Note each line in the data below that holds "South", and copy it.

-- Record extracts follows --

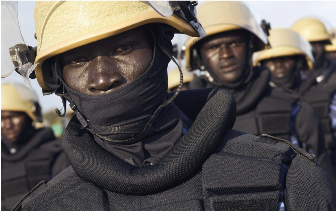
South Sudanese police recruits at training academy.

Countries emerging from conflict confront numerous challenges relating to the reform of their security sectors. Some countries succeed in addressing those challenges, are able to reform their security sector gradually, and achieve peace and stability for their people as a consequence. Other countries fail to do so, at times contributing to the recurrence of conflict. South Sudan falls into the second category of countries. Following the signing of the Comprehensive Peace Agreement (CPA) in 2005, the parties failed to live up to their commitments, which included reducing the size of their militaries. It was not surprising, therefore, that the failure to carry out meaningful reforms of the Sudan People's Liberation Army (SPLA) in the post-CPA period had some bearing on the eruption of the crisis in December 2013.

-- Record extracts concluded --
-- Record extracts follows --

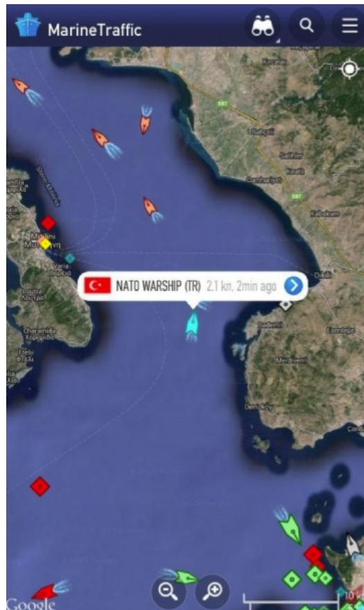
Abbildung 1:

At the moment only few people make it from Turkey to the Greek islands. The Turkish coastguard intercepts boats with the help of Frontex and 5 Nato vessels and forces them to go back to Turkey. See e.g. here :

-- Record extracts concluded --
-- Record extracts follows --

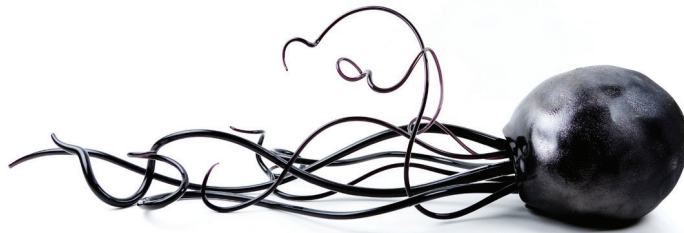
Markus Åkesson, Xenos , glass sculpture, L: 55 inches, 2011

-- Record extracts concluded --

— Solution to this task —
South Sudanese police recruits at training academy.
Countries emerging from conflict confront numerous challenges relating to the reform of their security sectors. Some countries succeed in addressing those challenges, are able to reform their security sector gradually, and achieve peace and stability for their people as a consequence. Other countries fail to do so, at times contributing to the recurrence of conflict. South Sudan falls into the second category of countries. Following the signing of the Comprehensive Peace Agreement (CPA) in 2005, the parties failed to live up to their commitments, which included reducing the size of their militaries. It was not surprising, therefore, that the failure to carry out meaningful reforms of the Sudan People's Liberation Army (SPLA) in the post-CPA period had some bearing on the eruption of the crisis in December 2013.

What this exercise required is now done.